> [DATA EXTRACT]
===============

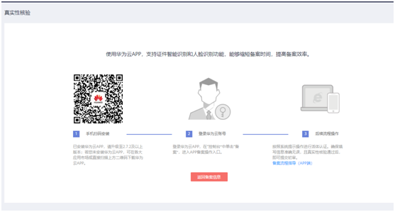 6、扫描上传资料页面中的二维码,下载并安装华为云APP。如果已经安装华为云APP,登录APP之后依次选择“控制台 > 网站备案 > 继续备案”。根据界面提示,上传资料。注意:必须下载华为云app进行真实性核验(必须本人操作)
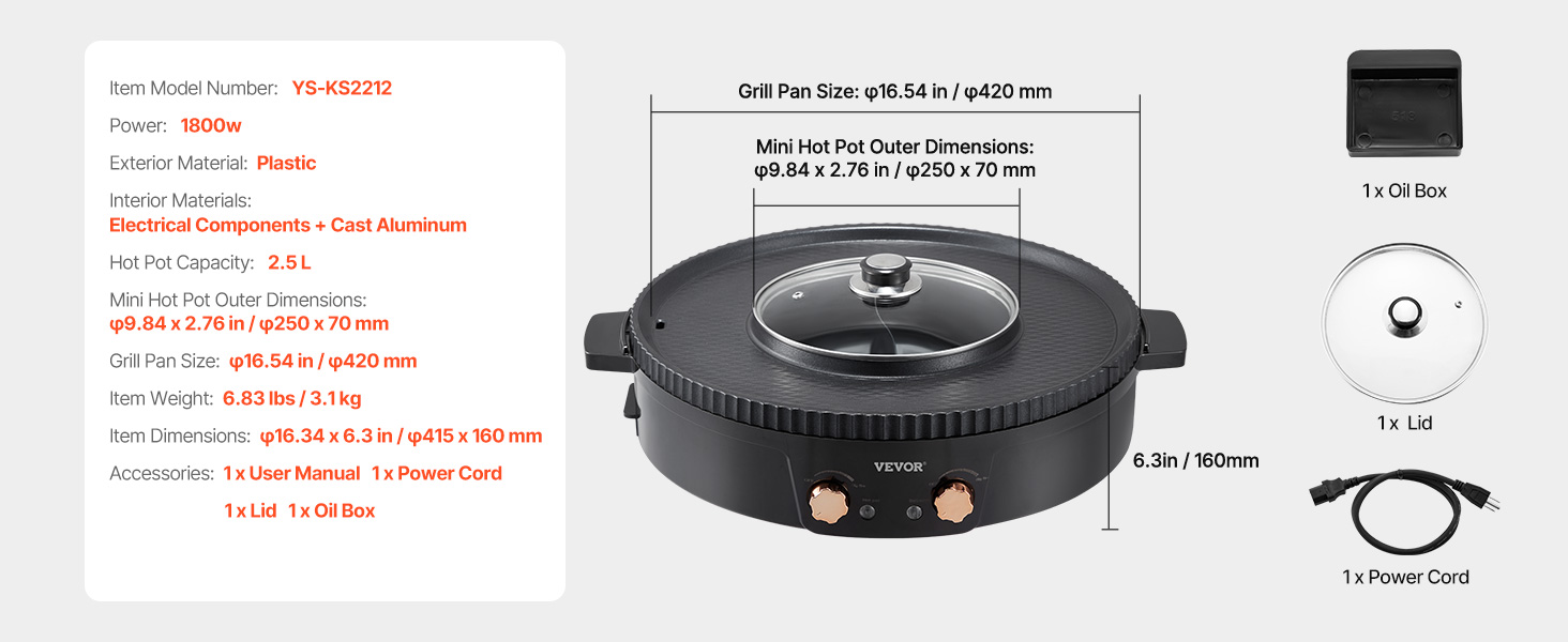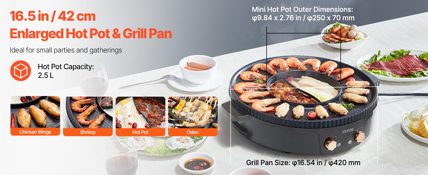 Naša kombinácia horúceho hrnca a grilu s objemom 2,5 l obsahuje horúci hrniec s vonkajším priemerom φ9,84 x 2,76 palca ( φ250 x 70 mm) a grilovaciu panvicu φ16,54 palca (φ420 mm), takže je dostatočne veľká na prípravu plnohodnotného jedla s rodinou a priateľmi.
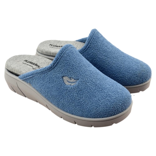 FABRICADO EN ESPAÑA. Zapatillas de casa destalonadas con puntera cerrada, fabricada en tejido de rizo muy suave y transpirable. Destaca su plantilla extraíble PLUMAflex de espuma de PU, transpirable de alta recuperación, que gracias a su efecto memoria se adapta completamente a la anatomía del pie, ofreciendo un confort extra al caminar y aumentando la sensación de descanso, comodidad y bienestar.

===============

> [DIRECTIONS FOR THIS TASK]
Send back the data above verbatim, leaving out its pictures.

> [RESPONSE TO THE TASK]
 6、扫描上传资料页面中的二维码,下载并安装华为云APP。如果已经安装华为云APP,登录APP之后依次选择“控制台 > 网站备案 > 继续备案”。根据界面提示,上传资料。注意:必须下载华为云app进行真实性核验(必须本人操作)
 Naša kombinácia horúceho hrnca a grilu s objemom 2,5 l obsahuje horúci hrniec s vonkajším priemerom φ9,84 x 2,76 palca ( φ250 x 70 mm) a grilovaciu panvicu φ16,54 palca (φ420 mm), takže je dostatočne veľká na prípravu plnohodnotného jedla s rodinou a priateľmi.
 FABRICADO EN ESPAÑA. Zapatillas de casa destalonadas con puntera cerrada, fabricada en tejido de rizo muy suave y transpirable. Destaca su plantilla extraíble PLUMAflex de espuma de PU, transpirable de alta recuperación, que gracias a su efecto memoria se adapta completamente a la anatomía del pie, ofreciendo un confort extra al caminar y aumentando la sensación de descanso, comodidad y bienestar.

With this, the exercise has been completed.